Modern Android devices use TLS mutual authentication for Wireless Debugging to prevent unauthorized connections. However, CVE-2026-0073 exposes a cryptographic flaw: when `adbd` processes a client certificate utilizing non-RSA keys (such as Elliptic Curve `ec` or `ed25519`), the internal OpenSSL `EVP_PKEY_cmp` function returns an error code that is improperly handled, effectively **bypassing the authentication check entirely**.
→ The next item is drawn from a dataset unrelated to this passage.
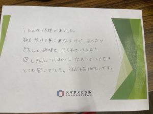 iPadの修理で来ました。数日預けることになるけどそれだけきちんと修理をしてくれているんだと感じました。丁寧に直していただいてとても安心でした。保証もありがたいです。

For further reading and deep technical analysis of this vulnerability, check out the following resources:
* **Vulnerability Deep Dive:** [Barghest - CVE-2026-0073 ADB TLS Auth Bypass](https://barghest.asia/blog/cve-2026-0073-adb-tls-auth-bypass/)
* **Real-World Exploitation:** [Mobile Hacker - Android RCE via Wireless Debugging: From Network Access to Shell](https://www.mobile-hacker.com/2026/05/12/android-rce-via-wireless-debugging-from-network-access-to-shell/) 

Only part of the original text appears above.